# Directions
Copy the lines below exactly, starting at the one with "资金流向方面,深港通100R" and ending at the one with "PropA_Body_to_BBM 18 EF", and leave out any picture.

# Source material
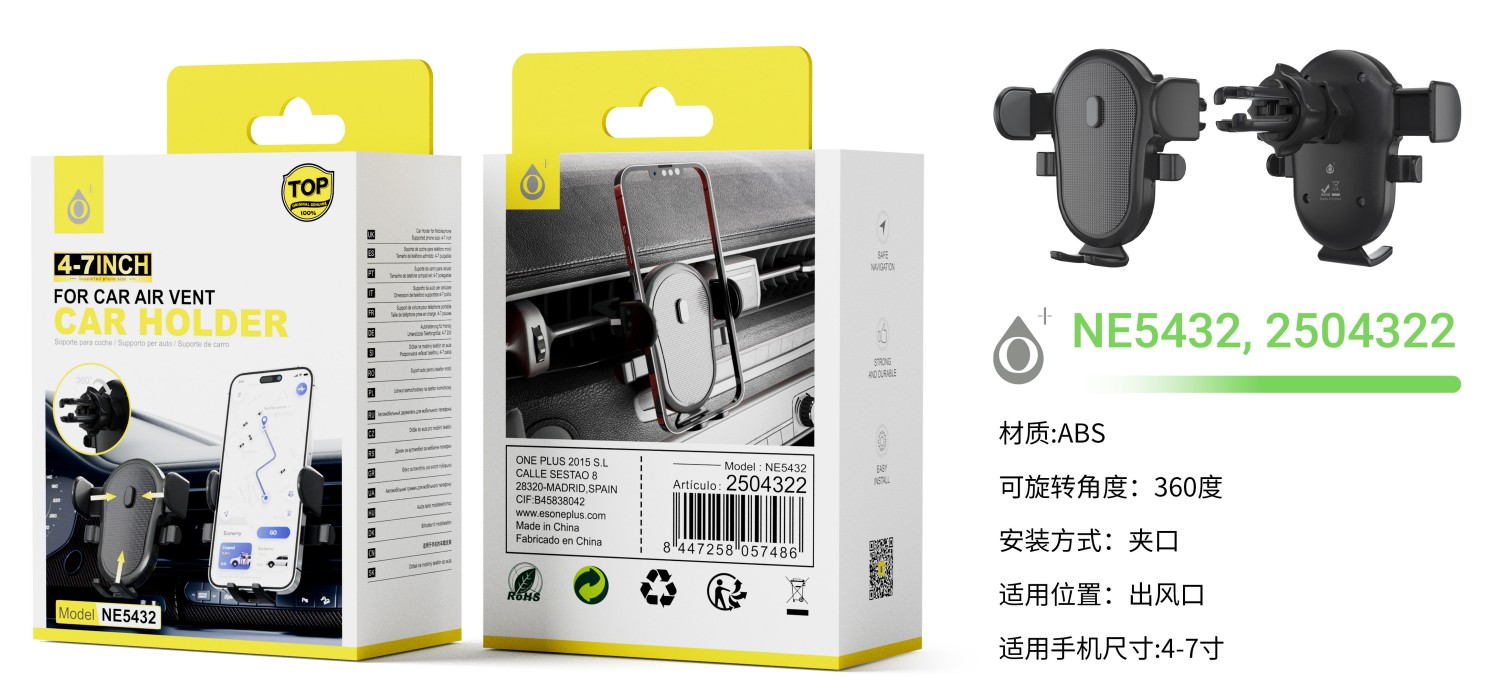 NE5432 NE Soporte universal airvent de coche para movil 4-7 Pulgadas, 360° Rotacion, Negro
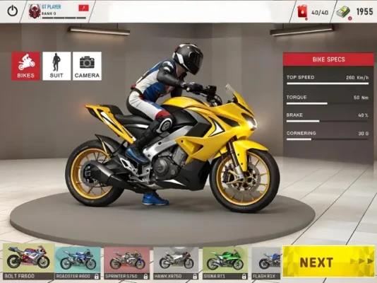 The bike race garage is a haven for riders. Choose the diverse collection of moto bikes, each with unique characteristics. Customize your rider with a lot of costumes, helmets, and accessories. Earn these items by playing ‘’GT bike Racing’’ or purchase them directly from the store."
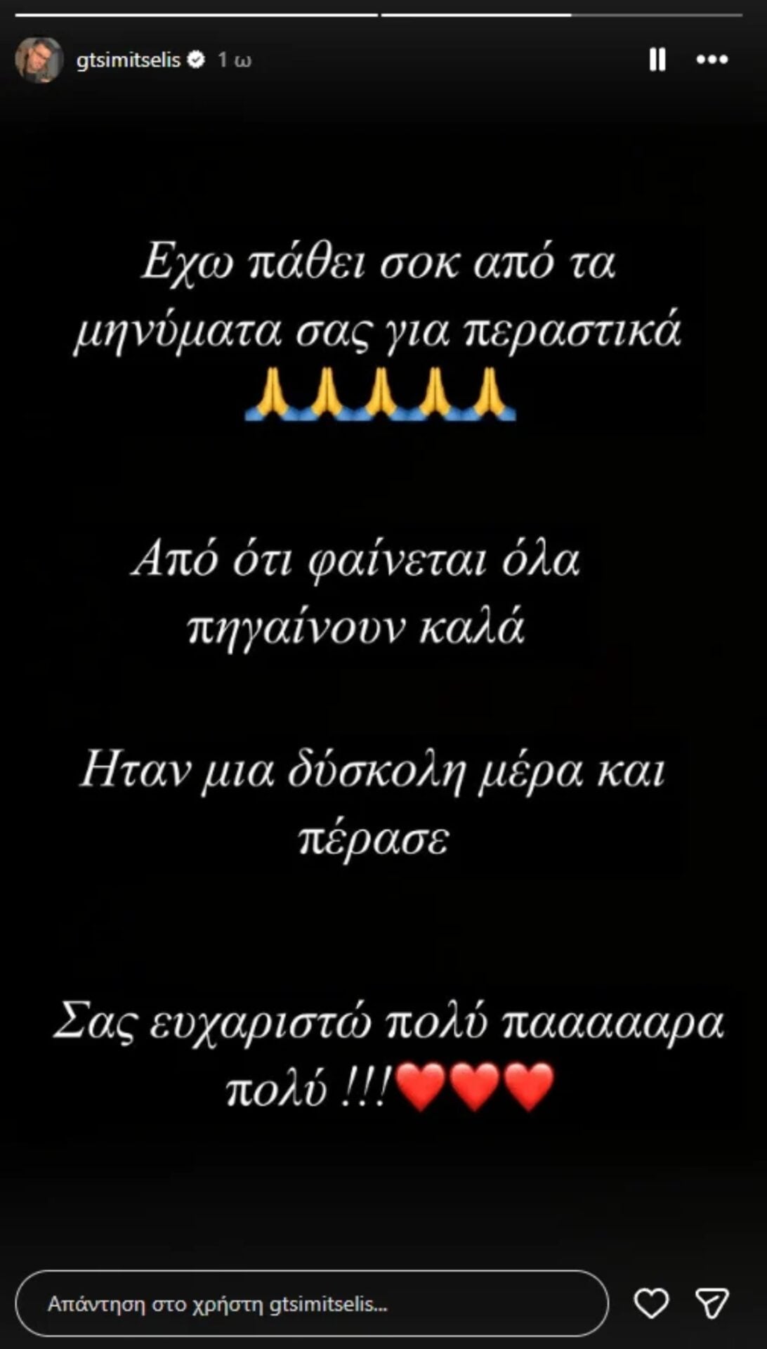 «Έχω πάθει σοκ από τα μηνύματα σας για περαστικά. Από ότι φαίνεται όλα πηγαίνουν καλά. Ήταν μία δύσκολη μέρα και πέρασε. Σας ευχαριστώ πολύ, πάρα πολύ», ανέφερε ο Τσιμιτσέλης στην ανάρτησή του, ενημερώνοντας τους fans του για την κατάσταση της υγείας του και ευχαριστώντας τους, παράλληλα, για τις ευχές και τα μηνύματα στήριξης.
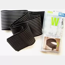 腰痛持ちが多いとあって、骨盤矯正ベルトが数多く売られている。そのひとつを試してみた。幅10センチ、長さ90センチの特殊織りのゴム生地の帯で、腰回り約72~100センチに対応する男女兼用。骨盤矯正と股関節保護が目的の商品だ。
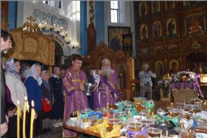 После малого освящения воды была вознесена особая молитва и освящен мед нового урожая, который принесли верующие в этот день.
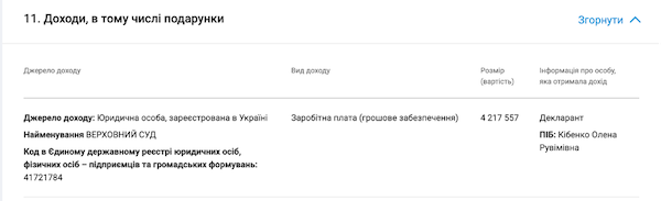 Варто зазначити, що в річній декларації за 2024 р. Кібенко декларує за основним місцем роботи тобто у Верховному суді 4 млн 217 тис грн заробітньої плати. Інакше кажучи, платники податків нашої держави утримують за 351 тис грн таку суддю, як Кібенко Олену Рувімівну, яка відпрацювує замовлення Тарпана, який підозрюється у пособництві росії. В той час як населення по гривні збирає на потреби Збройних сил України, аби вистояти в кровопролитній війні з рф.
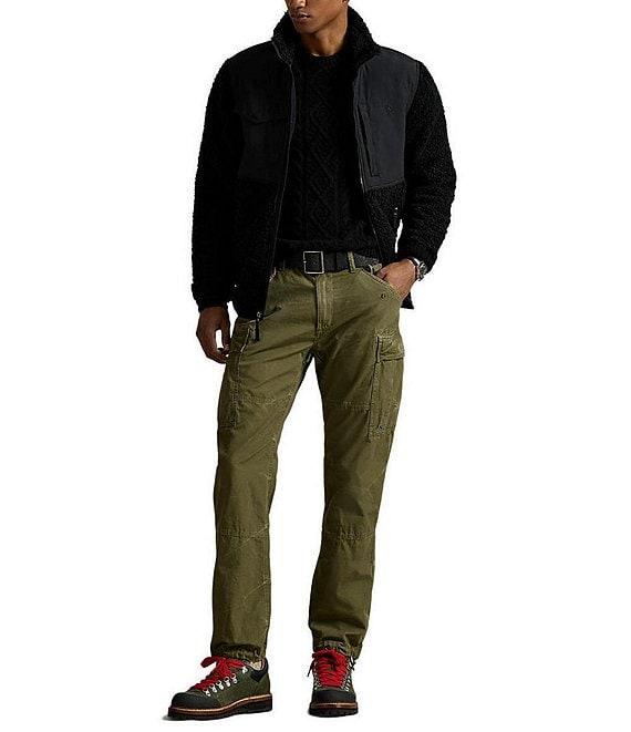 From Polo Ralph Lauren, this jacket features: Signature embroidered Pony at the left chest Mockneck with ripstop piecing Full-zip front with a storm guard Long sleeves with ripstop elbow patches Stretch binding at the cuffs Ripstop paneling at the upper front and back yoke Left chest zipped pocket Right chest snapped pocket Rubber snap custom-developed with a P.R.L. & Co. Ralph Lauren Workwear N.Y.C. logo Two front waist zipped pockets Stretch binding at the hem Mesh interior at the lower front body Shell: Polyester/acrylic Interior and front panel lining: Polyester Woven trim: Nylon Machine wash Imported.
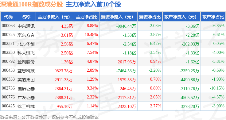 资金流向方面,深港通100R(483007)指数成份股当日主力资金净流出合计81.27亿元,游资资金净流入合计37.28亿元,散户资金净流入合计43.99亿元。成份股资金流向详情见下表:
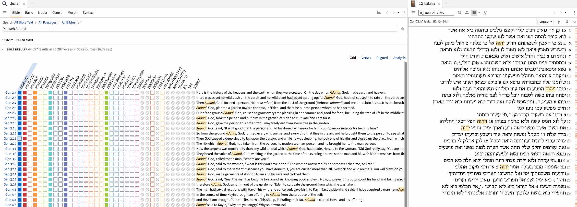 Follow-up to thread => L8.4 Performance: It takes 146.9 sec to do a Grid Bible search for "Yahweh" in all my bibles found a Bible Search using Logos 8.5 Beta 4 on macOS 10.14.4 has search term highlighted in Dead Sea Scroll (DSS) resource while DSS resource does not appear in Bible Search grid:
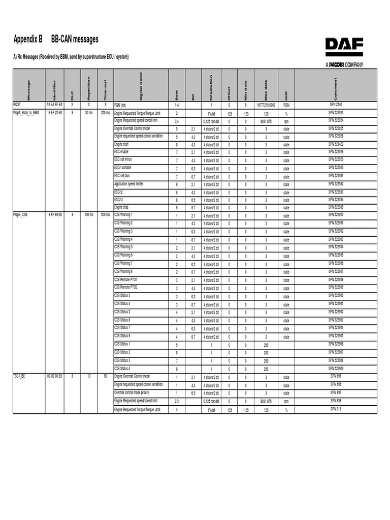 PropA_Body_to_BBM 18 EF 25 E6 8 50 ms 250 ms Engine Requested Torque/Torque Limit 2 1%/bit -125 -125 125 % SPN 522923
...
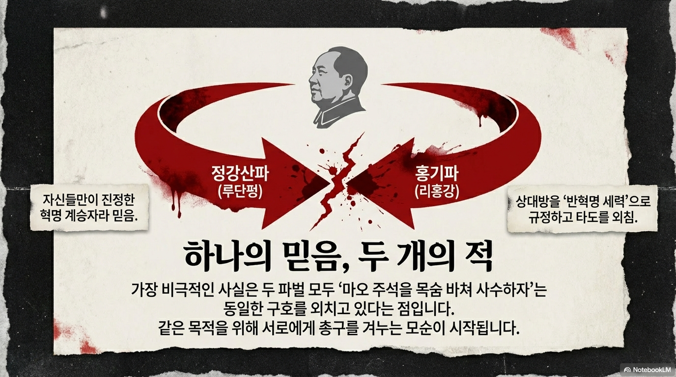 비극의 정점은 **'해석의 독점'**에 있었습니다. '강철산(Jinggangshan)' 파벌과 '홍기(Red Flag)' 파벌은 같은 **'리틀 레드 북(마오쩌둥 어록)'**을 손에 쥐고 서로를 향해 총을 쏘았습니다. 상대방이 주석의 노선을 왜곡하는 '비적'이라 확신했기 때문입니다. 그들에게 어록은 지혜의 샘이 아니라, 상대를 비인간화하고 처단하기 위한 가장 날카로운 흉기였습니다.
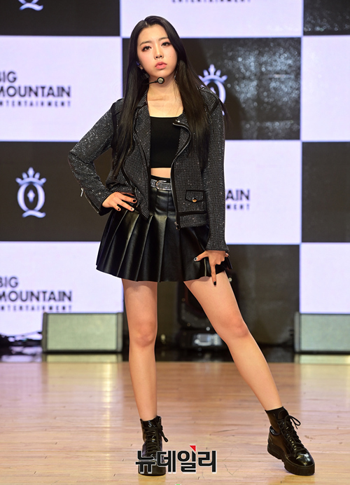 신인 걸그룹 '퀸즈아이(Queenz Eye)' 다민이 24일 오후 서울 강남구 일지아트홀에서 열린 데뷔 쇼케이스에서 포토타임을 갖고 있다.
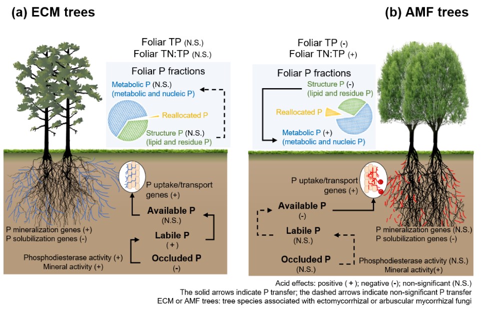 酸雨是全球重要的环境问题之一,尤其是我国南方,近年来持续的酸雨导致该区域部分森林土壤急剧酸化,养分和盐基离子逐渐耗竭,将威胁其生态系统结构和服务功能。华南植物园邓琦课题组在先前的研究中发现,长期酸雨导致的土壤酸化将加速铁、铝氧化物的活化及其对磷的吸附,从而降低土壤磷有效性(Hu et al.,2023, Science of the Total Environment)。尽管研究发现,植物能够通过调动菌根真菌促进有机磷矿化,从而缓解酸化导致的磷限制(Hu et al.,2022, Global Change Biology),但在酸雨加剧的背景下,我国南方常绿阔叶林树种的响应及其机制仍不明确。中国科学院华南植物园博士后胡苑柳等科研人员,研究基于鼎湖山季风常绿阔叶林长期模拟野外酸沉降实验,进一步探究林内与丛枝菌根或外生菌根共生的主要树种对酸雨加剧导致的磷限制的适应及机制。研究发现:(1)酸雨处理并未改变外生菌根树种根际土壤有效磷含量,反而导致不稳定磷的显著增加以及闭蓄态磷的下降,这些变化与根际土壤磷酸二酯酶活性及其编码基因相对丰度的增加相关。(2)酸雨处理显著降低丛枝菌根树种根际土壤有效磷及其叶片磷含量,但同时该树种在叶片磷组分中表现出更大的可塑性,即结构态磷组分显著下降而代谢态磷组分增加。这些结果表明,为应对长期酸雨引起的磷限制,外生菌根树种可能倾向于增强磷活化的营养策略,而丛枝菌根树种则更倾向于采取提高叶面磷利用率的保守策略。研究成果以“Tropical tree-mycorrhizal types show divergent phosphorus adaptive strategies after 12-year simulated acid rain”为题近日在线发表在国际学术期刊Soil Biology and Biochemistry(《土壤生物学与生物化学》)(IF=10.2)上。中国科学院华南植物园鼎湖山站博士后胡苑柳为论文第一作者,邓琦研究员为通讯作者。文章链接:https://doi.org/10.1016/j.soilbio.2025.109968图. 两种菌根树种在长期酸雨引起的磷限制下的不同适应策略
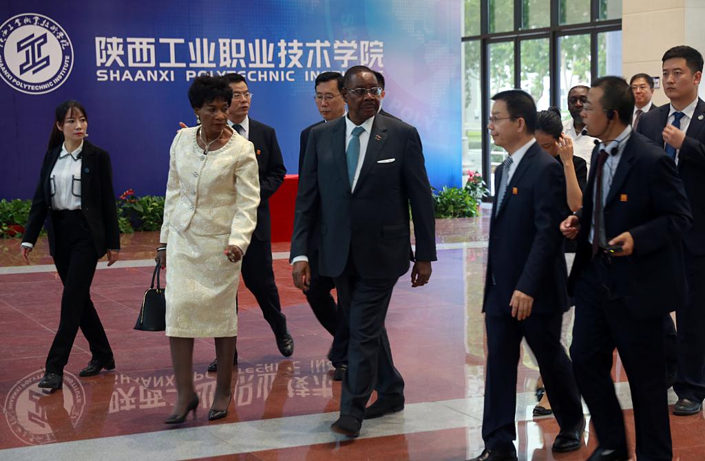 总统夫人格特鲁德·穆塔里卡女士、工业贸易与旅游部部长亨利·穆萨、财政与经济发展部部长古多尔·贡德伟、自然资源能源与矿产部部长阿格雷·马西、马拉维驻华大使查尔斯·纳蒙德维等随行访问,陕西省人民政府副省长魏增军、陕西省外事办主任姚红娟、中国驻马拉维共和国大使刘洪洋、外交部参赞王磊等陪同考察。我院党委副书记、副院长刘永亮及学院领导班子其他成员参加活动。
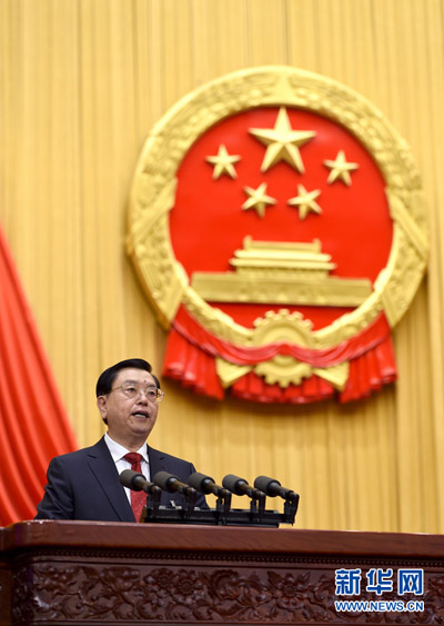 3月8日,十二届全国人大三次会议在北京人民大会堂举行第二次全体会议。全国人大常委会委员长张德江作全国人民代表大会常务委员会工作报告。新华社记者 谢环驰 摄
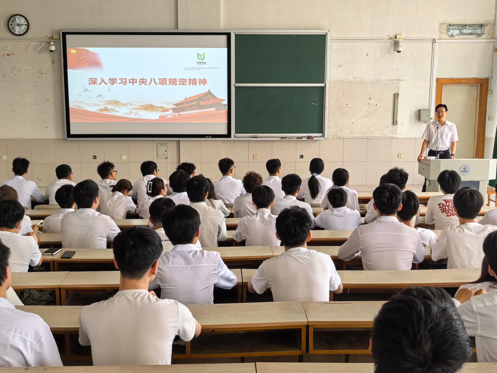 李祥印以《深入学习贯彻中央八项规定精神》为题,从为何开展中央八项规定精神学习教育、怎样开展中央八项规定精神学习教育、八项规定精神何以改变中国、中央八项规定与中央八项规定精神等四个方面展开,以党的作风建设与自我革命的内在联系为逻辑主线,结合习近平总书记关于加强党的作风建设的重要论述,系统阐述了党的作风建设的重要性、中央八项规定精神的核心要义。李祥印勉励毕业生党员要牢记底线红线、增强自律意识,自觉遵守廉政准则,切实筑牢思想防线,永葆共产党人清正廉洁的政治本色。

# Your response
 资金流向方面,深港通100R(483007)指数成份股当日主力资金净流出合计81.27亿元,游资资金净流入合计37.28亿元,散户资金净流入合计43.99亿元。成份股资金流向详情见下表:
 Follow-up to thread => L8.4 Performance: It takes 146.9 sec to do a Grid Bible search for "Yahweh" in all my bibles found a Bible Search using Logos 8.5 Beta 4 on macOS 10.14.4 has search term highlighted in Dead Sea Scroll (DSS) resource while DSS resource does not appear in Bible Search grid:
 PropA_Body_to_BBM 18 EF 25 E6 8 50 ms 250 ms Engine Requested Torque/Torque Limit 2 1%/bit -125 -125 125 % SPN 522923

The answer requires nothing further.